- EXCERPTED RECORDS:
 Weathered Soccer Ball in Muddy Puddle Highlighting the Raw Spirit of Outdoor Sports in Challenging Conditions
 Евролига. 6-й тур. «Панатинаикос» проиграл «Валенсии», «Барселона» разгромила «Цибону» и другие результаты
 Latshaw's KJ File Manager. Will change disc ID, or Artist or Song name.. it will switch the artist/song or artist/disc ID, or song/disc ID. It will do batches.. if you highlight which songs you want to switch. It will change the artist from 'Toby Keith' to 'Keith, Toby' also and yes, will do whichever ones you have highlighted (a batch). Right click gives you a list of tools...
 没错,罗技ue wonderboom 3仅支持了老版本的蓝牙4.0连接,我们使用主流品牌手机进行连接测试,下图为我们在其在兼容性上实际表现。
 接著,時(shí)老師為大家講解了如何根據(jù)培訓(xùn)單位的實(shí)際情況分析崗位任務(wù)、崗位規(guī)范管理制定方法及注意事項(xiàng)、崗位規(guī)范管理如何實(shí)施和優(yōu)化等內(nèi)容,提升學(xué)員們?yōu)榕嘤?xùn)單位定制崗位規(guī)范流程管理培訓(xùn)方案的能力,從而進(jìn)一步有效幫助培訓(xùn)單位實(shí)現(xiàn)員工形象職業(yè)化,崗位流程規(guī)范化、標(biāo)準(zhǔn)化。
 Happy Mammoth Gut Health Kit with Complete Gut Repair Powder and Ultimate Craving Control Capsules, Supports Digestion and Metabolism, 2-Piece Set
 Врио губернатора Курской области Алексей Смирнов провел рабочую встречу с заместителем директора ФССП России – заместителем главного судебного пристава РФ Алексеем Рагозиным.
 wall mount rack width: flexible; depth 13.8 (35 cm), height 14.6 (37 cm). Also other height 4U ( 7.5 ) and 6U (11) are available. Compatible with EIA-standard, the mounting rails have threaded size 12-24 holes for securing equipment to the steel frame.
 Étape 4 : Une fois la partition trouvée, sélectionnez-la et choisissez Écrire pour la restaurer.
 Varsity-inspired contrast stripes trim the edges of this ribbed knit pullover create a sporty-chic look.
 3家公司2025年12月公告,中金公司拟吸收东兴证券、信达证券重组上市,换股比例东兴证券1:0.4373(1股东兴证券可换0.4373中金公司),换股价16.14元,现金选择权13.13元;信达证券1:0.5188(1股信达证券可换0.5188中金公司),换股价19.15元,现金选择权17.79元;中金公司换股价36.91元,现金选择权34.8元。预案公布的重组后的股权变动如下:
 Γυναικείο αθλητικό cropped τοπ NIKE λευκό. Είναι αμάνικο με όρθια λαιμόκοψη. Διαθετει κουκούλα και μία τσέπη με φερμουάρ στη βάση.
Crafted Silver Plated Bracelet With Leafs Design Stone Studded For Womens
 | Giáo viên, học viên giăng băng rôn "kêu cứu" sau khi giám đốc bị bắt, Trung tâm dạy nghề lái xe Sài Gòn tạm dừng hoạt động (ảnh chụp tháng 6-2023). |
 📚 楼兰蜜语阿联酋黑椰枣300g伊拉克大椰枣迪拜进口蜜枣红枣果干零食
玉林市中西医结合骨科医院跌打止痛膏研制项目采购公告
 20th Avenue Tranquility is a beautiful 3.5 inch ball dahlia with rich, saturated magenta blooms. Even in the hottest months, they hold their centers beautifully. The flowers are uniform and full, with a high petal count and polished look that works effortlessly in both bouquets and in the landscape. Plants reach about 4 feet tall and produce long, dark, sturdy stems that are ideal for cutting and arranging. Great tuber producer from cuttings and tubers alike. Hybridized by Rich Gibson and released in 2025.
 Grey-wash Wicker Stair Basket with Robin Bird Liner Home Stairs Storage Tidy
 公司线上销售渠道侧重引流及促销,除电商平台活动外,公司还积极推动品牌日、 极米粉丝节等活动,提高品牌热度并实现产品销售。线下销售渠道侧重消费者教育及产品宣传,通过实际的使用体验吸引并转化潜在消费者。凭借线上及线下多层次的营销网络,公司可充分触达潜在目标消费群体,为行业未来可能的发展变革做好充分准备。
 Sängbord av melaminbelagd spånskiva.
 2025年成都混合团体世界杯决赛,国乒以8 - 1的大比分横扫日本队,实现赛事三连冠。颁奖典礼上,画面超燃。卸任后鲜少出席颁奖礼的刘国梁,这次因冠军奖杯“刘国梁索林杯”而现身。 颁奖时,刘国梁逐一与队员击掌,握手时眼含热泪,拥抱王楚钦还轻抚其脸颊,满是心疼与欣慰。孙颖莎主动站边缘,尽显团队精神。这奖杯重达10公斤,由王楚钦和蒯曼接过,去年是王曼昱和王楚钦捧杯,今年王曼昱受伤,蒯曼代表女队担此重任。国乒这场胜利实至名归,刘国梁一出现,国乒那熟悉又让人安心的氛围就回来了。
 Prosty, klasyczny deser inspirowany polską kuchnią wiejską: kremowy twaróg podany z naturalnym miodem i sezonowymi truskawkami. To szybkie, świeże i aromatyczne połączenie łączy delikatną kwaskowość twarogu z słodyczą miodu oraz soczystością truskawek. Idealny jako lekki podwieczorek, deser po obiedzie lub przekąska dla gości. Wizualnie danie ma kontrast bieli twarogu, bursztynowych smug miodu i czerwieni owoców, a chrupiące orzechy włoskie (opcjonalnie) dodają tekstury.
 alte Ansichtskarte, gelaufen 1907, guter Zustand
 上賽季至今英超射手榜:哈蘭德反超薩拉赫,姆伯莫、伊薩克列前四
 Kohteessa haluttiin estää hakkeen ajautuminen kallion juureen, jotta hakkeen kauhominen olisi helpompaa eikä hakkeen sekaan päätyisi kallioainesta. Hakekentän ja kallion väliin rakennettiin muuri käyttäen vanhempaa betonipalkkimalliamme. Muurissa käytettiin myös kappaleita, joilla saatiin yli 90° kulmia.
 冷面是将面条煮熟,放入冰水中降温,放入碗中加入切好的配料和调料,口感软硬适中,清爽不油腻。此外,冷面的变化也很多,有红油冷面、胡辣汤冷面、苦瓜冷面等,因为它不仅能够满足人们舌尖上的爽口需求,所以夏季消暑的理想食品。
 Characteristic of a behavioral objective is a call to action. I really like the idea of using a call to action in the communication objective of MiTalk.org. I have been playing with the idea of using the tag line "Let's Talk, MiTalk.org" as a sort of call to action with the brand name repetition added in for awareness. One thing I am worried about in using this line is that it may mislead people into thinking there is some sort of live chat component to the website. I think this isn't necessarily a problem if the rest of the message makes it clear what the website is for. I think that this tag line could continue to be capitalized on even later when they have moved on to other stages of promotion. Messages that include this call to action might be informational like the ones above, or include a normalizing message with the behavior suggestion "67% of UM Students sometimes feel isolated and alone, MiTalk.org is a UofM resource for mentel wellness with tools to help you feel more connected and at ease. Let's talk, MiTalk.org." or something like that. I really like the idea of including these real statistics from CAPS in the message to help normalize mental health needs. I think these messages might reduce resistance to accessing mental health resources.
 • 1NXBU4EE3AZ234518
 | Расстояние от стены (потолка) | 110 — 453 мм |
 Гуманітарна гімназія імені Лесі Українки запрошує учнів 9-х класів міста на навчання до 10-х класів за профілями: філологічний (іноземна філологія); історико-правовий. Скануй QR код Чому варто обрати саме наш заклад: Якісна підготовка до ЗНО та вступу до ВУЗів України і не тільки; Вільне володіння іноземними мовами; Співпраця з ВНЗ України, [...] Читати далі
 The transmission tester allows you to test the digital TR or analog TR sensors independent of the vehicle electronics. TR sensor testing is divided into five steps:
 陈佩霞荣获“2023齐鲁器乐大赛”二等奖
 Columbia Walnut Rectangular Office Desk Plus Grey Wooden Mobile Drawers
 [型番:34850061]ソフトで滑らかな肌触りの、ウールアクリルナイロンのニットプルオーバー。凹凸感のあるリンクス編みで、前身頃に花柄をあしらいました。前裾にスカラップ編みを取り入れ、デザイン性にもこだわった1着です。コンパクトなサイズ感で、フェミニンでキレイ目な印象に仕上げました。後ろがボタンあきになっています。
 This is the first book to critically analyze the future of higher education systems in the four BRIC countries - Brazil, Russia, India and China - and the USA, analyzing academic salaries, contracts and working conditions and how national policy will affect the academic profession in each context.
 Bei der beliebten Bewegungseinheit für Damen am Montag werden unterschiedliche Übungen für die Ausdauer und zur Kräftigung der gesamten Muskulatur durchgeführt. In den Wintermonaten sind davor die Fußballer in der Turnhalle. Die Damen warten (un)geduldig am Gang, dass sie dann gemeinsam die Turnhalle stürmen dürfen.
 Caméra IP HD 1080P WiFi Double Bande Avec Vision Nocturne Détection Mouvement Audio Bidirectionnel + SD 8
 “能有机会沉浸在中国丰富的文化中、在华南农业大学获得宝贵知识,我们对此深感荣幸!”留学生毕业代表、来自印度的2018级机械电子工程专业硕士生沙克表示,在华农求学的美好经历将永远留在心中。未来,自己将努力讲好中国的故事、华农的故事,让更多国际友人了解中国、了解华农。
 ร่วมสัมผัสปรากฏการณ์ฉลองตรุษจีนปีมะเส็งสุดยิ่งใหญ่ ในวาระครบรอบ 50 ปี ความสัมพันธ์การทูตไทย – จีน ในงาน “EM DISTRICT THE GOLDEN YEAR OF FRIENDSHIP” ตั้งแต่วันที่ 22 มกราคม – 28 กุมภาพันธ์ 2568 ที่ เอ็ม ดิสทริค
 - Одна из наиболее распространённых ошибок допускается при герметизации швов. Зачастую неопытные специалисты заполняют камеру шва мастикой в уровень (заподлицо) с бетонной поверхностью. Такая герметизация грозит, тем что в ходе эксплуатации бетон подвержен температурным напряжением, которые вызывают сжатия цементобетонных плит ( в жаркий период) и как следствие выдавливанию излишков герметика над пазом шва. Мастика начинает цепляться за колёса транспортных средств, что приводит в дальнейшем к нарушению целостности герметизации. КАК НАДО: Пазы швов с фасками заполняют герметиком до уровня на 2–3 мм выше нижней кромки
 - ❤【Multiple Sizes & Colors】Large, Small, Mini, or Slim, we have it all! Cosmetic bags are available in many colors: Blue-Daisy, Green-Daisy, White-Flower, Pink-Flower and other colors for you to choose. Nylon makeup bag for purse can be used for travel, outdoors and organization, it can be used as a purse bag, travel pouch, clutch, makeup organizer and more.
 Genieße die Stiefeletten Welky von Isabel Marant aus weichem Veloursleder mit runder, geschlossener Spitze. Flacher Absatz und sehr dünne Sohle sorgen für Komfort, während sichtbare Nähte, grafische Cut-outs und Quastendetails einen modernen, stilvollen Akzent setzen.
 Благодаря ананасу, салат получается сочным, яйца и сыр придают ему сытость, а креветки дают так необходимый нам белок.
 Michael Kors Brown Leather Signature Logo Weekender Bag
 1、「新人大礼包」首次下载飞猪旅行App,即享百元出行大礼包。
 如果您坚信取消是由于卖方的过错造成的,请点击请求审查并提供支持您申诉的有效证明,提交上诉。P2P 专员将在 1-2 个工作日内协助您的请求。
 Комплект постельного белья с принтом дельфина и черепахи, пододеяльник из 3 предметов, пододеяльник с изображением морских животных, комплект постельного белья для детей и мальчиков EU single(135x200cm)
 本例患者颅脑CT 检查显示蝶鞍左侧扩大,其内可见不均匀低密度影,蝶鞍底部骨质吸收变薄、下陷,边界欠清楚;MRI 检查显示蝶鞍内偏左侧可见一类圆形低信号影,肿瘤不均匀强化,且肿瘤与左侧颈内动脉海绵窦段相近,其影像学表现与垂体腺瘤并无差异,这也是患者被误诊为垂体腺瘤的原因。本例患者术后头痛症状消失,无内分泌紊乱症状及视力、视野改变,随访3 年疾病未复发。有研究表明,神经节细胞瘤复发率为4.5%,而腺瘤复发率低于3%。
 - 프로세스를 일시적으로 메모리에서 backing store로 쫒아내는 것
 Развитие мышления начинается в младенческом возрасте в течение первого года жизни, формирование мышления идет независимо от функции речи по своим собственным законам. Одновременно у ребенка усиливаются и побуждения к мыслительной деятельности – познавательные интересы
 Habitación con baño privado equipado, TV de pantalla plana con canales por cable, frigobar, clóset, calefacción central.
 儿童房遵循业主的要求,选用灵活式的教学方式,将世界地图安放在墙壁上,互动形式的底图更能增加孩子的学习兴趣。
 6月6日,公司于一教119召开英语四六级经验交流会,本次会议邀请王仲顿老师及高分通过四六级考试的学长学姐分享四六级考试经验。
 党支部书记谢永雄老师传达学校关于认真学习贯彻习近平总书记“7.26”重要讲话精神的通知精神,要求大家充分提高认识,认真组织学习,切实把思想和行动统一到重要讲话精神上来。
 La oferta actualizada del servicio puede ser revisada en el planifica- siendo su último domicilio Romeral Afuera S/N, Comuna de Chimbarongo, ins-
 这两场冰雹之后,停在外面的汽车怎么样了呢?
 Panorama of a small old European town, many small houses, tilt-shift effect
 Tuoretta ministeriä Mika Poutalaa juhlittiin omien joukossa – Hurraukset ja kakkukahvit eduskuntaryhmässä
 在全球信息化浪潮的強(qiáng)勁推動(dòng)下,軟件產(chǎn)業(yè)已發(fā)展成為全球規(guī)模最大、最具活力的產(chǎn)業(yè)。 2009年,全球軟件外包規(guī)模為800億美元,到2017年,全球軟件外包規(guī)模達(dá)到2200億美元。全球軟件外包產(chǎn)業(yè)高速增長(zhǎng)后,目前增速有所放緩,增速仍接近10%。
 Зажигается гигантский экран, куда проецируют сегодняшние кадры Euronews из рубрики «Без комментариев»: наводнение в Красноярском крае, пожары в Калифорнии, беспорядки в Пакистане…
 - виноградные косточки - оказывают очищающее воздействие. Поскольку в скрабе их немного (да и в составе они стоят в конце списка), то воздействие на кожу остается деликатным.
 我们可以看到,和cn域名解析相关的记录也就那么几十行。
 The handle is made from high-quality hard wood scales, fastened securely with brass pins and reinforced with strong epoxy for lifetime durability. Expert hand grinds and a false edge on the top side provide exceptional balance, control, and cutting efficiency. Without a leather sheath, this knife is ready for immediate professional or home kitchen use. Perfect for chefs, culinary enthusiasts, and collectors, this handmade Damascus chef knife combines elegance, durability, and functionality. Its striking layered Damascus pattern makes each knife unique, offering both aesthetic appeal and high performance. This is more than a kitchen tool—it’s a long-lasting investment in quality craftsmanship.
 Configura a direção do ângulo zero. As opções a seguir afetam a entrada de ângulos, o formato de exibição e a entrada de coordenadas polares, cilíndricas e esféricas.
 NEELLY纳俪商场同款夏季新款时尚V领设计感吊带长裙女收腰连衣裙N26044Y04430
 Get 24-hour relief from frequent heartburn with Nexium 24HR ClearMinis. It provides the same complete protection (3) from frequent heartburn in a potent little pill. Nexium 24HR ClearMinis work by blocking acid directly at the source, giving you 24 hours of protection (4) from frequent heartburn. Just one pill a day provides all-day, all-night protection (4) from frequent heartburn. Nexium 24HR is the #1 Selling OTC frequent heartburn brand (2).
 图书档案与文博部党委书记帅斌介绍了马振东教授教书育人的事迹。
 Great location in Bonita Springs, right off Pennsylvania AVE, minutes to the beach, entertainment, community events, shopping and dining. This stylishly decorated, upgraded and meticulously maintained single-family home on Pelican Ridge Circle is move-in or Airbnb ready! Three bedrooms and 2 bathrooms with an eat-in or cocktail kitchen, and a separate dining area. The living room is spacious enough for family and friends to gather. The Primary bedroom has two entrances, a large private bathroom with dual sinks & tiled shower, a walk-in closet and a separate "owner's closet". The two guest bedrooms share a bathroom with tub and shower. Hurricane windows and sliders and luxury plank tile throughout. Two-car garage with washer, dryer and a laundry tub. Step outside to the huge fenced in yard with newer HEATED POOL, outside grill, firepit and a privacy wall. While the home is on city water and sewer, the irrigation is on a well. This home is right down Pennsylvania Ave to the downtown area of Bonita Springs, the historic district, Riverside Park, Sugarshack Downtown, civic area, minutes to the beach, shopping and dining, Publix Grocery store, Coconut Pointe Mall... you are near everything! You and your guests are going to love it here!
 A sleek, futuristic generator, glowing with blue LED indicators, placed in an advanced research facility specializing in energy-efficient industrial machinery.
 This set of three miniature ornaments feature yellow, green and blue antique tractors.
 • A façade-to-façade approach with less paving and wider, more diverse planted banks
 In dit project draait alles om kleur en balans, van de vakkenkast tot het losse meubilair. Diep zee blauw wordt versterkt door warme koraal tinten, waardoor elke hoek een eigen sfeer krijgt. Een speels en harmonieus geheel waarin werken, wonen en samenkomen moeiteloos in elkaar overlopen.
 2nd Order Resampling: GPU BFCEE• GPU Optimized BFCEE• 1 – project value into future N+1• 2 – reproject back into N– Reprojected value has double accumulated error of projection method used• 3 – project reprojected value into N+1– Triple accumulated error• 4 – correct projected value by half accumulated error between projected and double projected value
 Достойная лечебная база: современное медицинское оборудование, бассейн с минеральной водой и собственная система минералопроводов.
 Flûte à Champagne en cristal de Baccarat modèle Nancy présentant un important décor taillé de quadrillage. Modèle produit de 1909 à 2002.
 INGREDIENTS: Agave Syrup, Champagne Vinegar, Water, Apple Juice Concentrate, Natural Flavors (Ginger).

- PROBLEM TO SOLVE: The reply should consist solely of the lines above from the one that has "La oferta actualizada" through the one that has "我们可以看到,和cn域名解析相关的记录也就那么几十行。", reproduced exactly.

- SOLUTION TO THIS TASK:
 La oferta actualizada del servicio puede ser revisada en el planifica- siendo su último domicilio Romeral Afuera S/N, Comuna de Chimbarongo, ins-
 这两场冰雹之后,停在外面的汽车怎么样了呢?
 Panorama of a small old European town, many small houses, tilt-shift effect
 Tuoretta ministeriä Mika Poutalaa juhlittiin omien joukossa – Hurraukset ja kakkukahvit eduskuntaryhmässä
 在全球信息化浪潮的強(qiáng)勁推動(dòng)下,軟件產(chǎn)業(yè)已發(fā)展成為全球規(guī)模最大、最具活力的產(chǎn)業(yè)。 2009年,全球軟件外包規(guī)模為800億美元,到2017年,全球軟件外包規(guī)模達(dá)到2200億美元。全球軟件外包產(chǎn)業(yè)高速增長(zhǎng)后,目前增速有所放緩,增速仍接近10%。
 Зажигается гигантский экран, куда проецируют сегодняшние кадры Euronews из рубрики «Без комментариев»: наводнение в Красноярском крае, пожары в Калифорнии, беспорядки в Пакистане…
 - виноградные косточки - оказывают очищающее воздействие. Поскольку в скрабе их немного (да и в составе они стоят в конце списка), то воздействие на кожу остается деликатным.
 我们可以看到,和cn域名解析相关的记录也就那么几十行。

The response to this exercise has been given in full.